This invention generally relates to apparatus for classifying particles; and, in particular, to apparatus for separating particles smaller than a given size--referred to as the particle classification or cut-point size--from a mixture of particles.
More specifically, the present invention relates to a particle classifier comprising a vertically disposed classification chamber with a cylindrical top part and a funnel-shaped bottom part, and a separator mounted in said top part and having the form of a rotating wheel. The rotating wheel has a multitude of blades arranged in the form of a blade ring, with each blade extending parallel to the axis of rotation of the wheel. Material to be classified is conveyed, either together with air entering through a lower opening in the funnel-shaped bottom part or directly, into the classification chamber. Coarse material is carried away through the lower opening of the funnel-shaped bottom part; and fine material, together with the air from the rotating wheel, is drawn off through an outlet exiting upward from the classifier.
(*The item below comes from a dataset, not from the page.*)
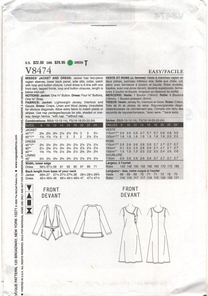 Jacket has two-piece raglan sleeves, lower back panel, side slits, collar, patch with loop and button closure. Lined dress is A-line with one front dart, lapped fronts, loop and button closures, length is below mid-calf.

A classifier of the type described above wherein the material to be classified is conveyed to the classification chamber while dispersed in air, is described, for example, in British Pat. No. 927,876. Another classifier of the same general kind but with direct conveyance of the material being classified to the separation chamber is shown in German Pat. No. 17 57 582, which corresponds to U.S. Pat. No. 3,384,238. The particle classification size achievable with such prior art classifiers is essentially a function of the diameter and circumferential velocity of the separating wheel. Thus, with a given size of wheel, the higher the circumferential velocity of the wheel, the smaller is the particle classification size. With an increase of the wheel velocity, however, there is also a rapid increase in wear and energy consumption so that an economical operation can be realized only if the particle classification size is kept above a certain size.
On the other hand, when the circumferential velocity of the wheel and the radial velocity of the separating air at its entry into the wheel at the wheel circumference are kept constant, the particle classification size becomes greater with an increasing wheel diameter, i.e. it is moved into a larger size range. If therefore, a large separating wheel is to have the same particle classification size as a small one, then the circumferential velocity of the larger wheel must be greater than the circumferential velocity of the smaller wheel. This means, however, that in addition to increased wear and energy consumption, stability and bearing problems also have to be expected. As the diameter of the separator wheel increases, the capacity of the wheel also increases.